** BRIEF **
Find the line below with "Hava sıcaklığının 5" and the line with "Sospensione in metallo". Output them and the lines between, exactly, but not the pictures.

** DATA FOR REVIEW **
= = = = = = =

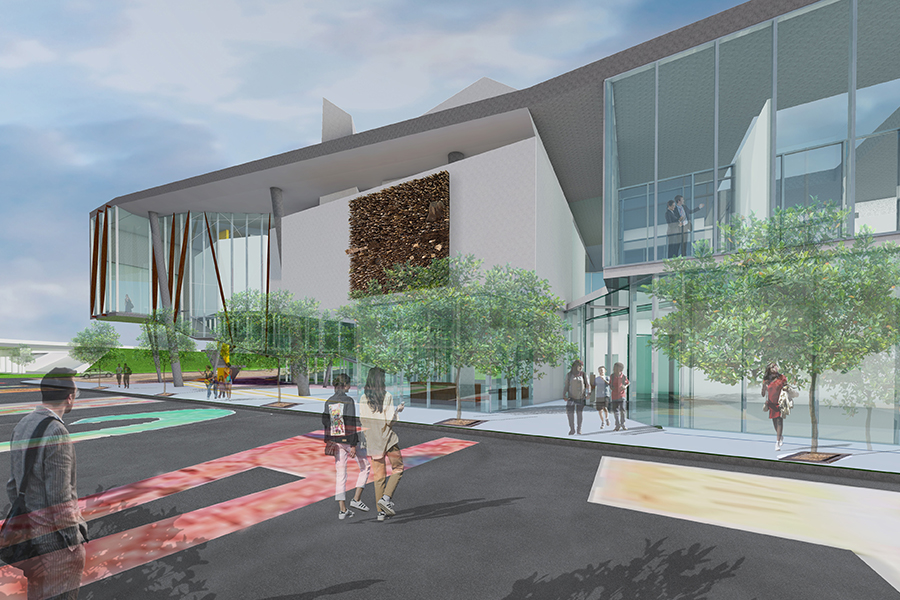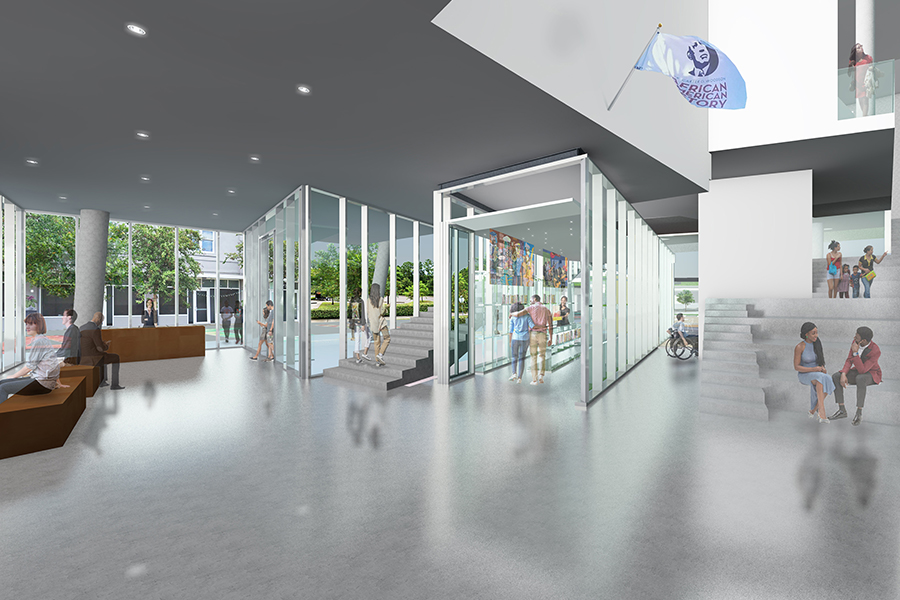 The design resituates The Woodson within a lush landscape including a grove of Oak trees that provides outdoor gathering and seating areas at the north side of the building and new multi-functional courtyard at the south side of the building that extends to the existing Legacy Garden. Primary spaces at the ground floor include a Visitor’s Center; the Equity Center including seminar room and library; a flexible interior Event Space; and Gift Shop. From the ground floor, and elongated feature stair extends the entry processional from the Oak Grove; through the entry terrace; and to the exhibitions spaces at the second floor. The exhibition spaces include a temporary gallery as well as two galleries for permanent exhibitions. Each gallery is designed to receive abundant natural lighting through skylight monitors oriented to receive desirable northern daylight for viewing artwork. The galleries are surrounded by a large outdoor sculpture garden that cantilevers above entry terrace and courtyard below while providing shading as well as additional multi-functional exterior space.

= = = = = = =

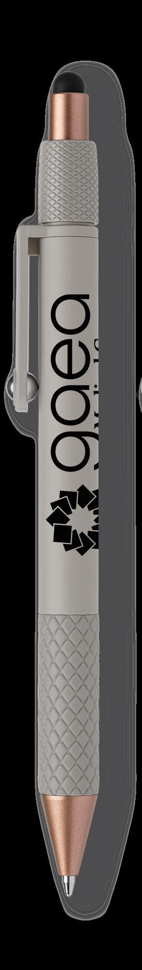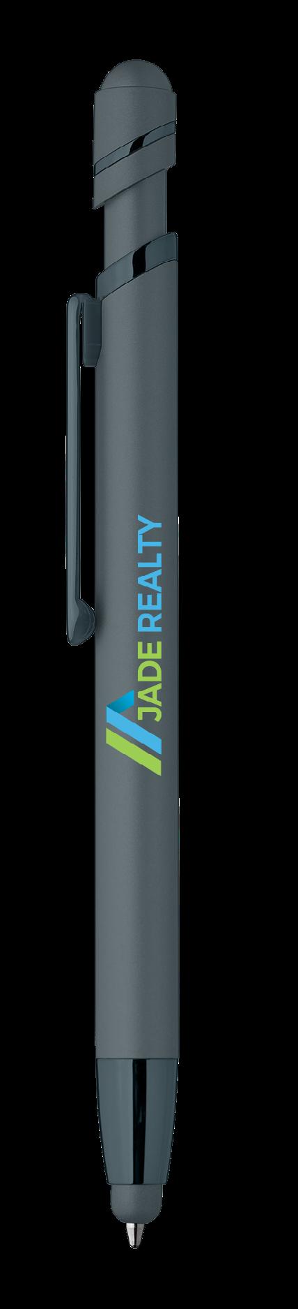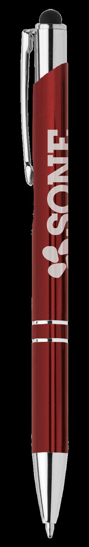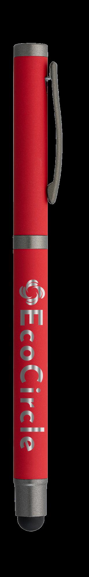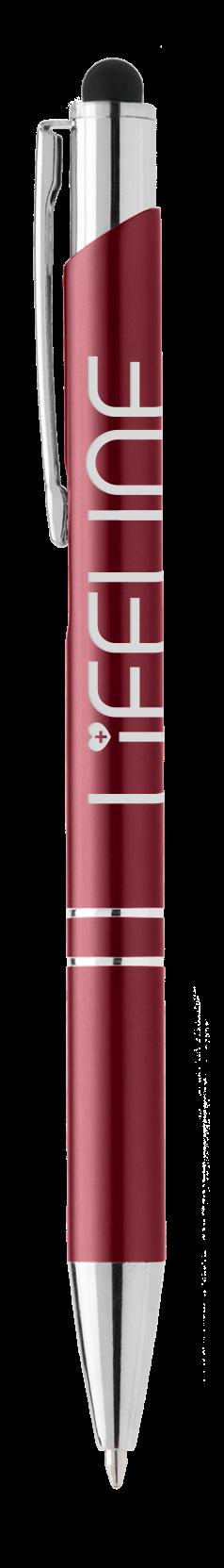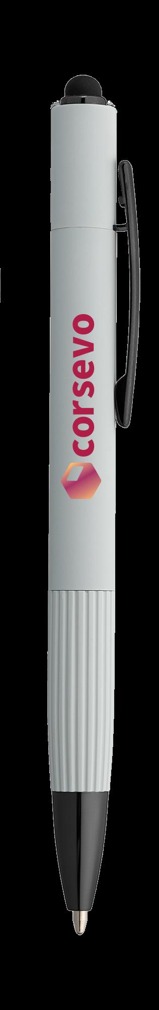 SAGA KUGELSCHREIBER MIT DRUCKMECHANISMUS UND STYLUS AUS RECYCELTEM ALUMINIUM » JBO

= = = = = = =

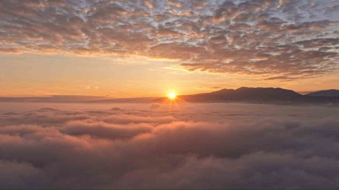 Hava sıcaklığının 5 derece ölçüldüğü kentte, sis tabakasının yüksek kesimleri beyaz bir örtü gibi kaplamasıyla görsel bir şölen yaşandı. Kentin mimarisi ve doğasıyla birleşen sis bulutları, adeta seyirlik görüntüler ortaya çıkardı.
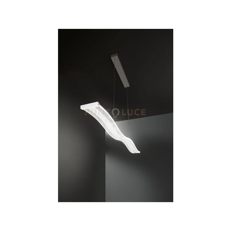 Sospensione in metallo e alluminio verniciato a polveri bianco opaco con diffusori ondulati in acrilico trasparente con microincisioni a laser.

= = = = = = =

** WRITTEN REPLY **
 Hava sıcaklığının 5 derece ölçüldüğü kentte, sis tabakasının yüksek kesimleri beyaz bir örtü gibi kaplamasıyla görsel bir şölen yaşandı. Kentin mimarisi ve doğasıyla birleşen sis bulutları, adeta seyirlik görüntüler ortaya çıkardı.
 Sospensione in metallo e alluminio verniciato a polveri bianco opaco con diffusori ondulati in acrilico trasparente con microincisioni a laser.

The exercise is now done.